About this exercise
Below are records with pictures; copy word for word only the lines between the line with "Detalii: Botine de" and the line with "These are full", inclusive, and drop the pictures.
====== Given records
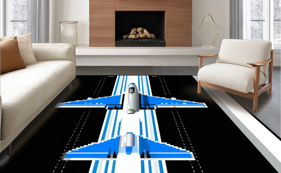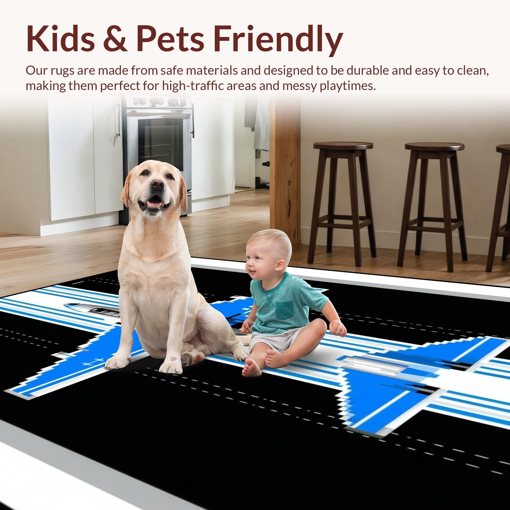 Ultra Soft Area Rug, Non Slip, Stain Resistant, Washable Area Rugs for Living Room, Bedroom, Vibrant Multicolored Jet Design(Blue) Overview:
============
====== Given records
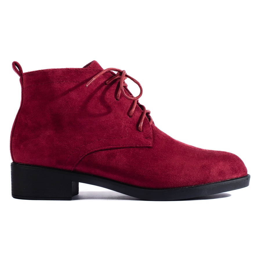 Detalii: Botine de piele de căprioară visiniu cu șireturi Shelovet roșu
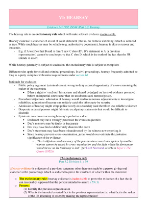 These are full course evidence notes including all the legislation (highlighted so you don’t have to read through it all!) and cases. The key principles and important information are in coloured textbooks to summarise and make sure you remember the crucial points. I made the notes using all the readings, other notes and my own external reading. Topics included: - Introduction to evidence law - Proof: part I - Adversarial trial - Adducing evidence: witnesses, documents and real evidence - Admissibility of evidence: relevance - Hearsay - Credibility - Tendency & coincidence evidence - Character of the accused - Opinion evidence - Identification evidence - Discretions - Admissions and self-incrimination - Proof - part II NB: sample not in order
============
====== Given records
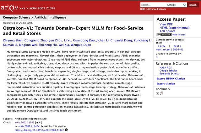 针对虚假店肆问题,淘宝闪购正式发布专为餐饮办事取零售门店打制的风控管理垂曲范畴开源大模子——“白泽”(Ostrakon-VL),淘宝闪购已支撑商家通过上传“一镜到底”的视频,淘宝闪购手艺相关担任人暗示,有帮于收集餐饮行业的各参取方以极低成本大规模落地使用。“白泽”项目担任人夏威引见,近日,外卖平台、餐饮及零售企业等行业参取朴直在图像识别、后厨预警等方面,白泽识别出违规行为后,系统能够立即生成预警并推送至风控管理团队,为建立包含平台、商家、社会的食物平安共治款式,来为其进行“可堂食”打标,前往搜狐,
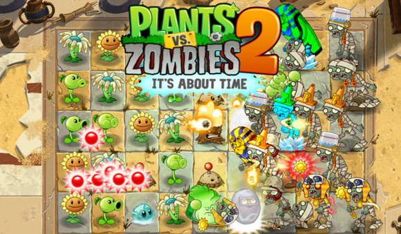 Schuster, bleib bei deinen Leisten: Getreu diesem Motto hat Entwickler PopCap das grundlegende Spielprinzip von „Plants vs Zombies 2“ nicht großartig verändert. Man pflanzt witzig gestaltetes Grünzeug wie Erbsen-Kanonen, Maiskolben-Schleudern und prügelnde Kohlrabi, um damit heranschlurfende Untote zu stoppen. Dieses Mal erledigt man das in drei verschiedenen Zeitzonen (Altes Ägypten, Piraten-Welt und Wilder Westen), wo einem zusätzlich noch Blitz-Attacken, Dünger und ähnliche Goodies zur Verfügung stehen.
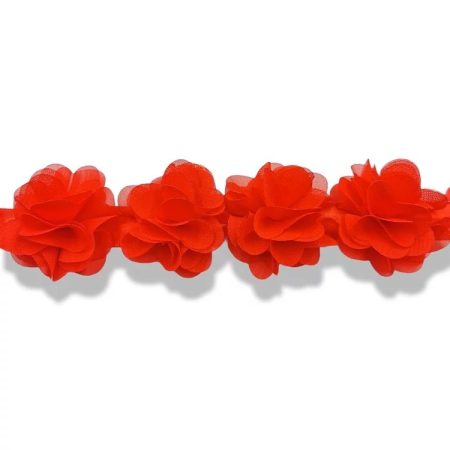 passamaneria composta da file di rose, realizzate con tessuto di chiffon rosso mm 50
============
Problem solution
 Detalii: Botine de piele de căprioară visiniu cu șireturi Shelovet roșu
 These are full course evidence notes including all the legislation (highlighted so you don’t have to read through it all!) and cases. The key principles and important information are in coloured textbooks to summarise and make sure you remember the crucial points. I made the notes using all the readings, other notes and my own external reading. Topics included: - Introduction to evidence law - Proof: part I - Adversarial trial - Adducing evidence: witnesses, documents and real evidence - Admissibility of evidence: relevance - Hearsay - Credibility - Tendency & coincidence evidence - Character of the accused - Opinion evidence - Identification evidence - Discretions - Admissions and self-incrimination - Proof - part II NB: sample not in order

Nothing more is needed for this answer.